Wiz reported its findings to all six vendors, with Amazon Web Services, Cursor, and Google fixing the issue. Two others, Augment and Windsurf, have fixes in the works. Anthropic initially rejected the finding, writing that it “falls outside of our current threat model,” noting that with Claude Code, the user must confirm their trust in the directory before starting the session.

That said, current Claude Code versions now warn users before writing to sensitive files, Dokhanian wrote. In a subsequent note to Wiz, Anthropic said the symlink warning shipped in v2.1.32 in February, several days before Wiz submitted its report to the vendor, and was done based on an internal review.

A Matter of Trust

He added that it becomes an issue of design philosophy, with the question being whether the tool should protect users from deceptive workspaces, or is it up to the user to recognize the malicious workspace.

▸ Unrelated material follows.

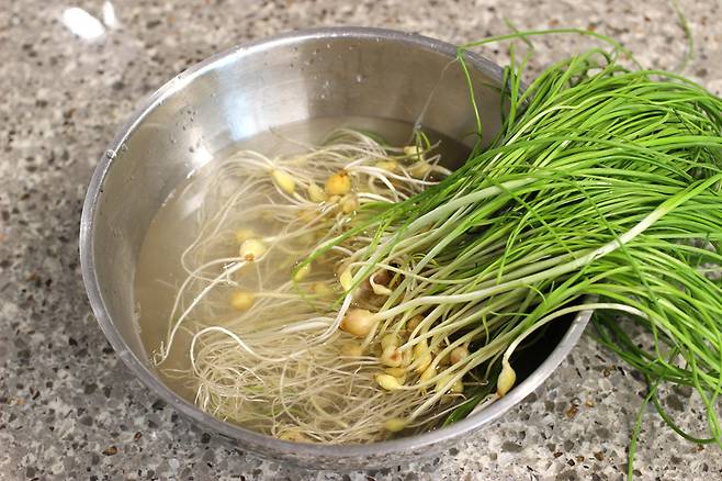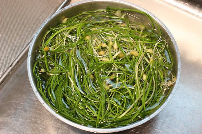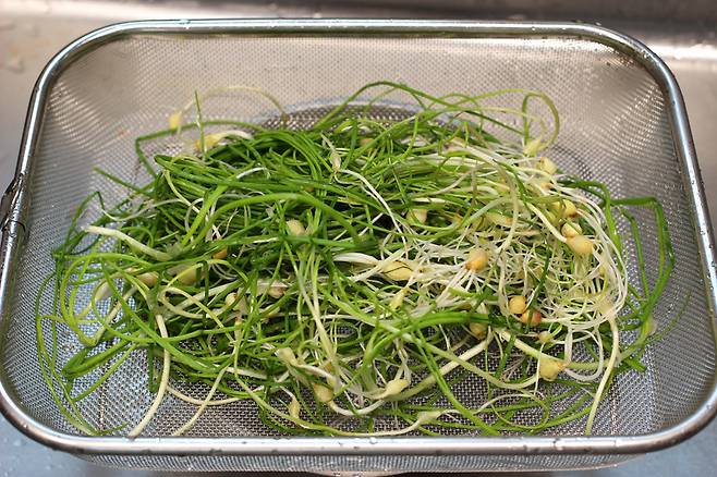 깨끗하게 세척 끝. 마트에서 판매하는 달래는 보통 한 번 세척해서 나오기 때문에 이정도로도 괜찮더라고요.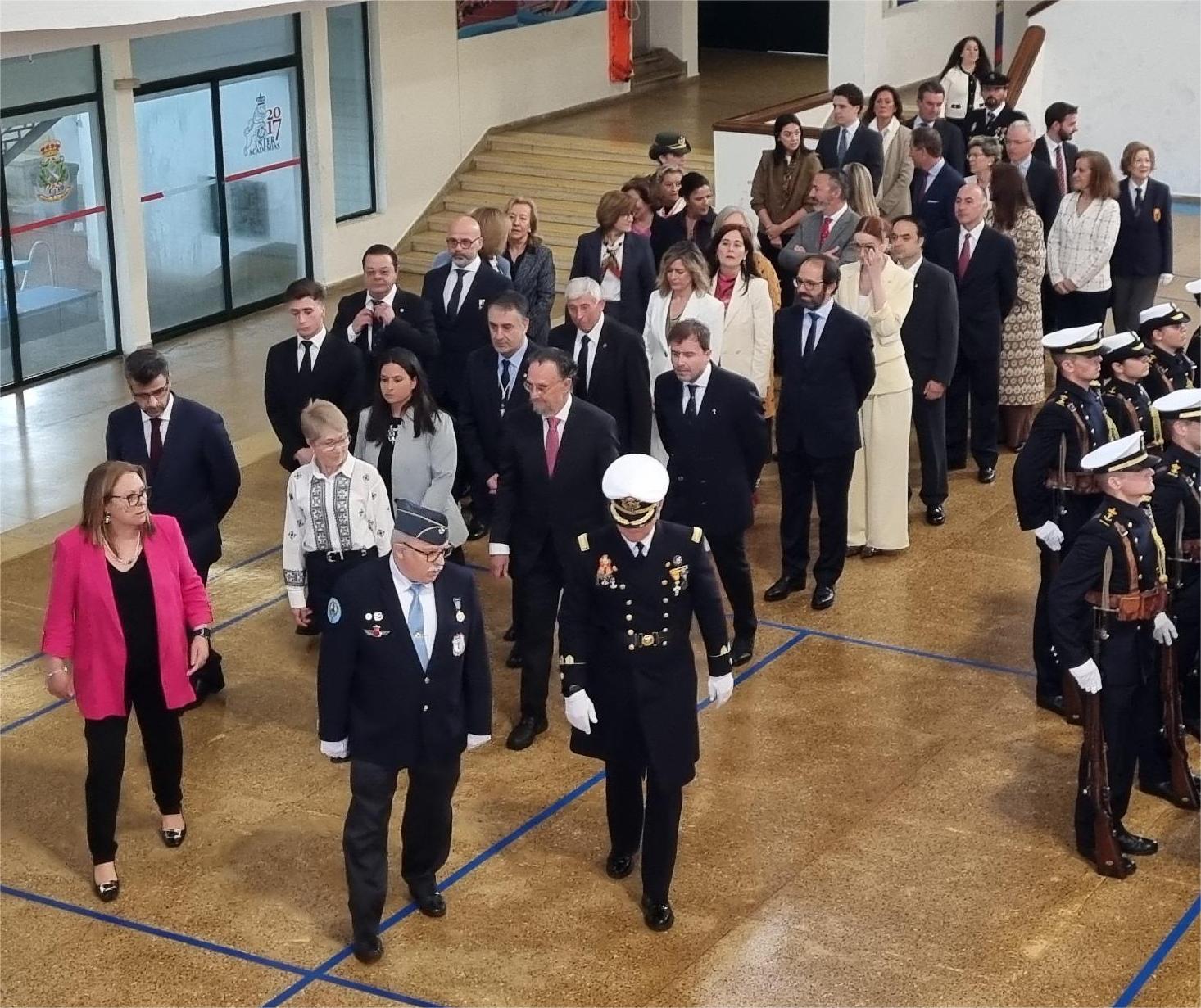 El acto estuvo presidido por el Almirante Jefe del Arsenal de Ferrol, Gonzalo Villar Rodríguez que, a su llegada al recinto, fue recibido por el comandante director de la Escuela, Capitán de Navío Cardona Suanzes que le acompañó en el protocolario acto de revista a la fuerza formada en el recinto tras lo cual dio comienzo el programa establecido con el juramento de los aspirantes Reservistas que contaban entre ellos con la presencia del que fuera hace cuatro décadas, comandante de su brigada y hoy es el General de División y Director General de Personal del Ministerio de Defensa, José Ramón Velón. Los reservistas pasaron de uno en uno besando la Enseña Nacional y, posteriormente, bajo ella

“The Human-in-the-Loop security model only works if the loop provides accurate information,” Dokhanian wrote. “When an agent shows one thing and does another, user approval becomes meaningless. The confirmation dialog transforms from a security control into a formality.”

He called it a “category-level design question” that the AI coding industry hasn’t adequately addressed, which is a concern given how vendors are competing to get their tools with expanding autonomous capabilities to developers.

“The trust boundaries between user, agent, and filesystem need clearer definition,” he said.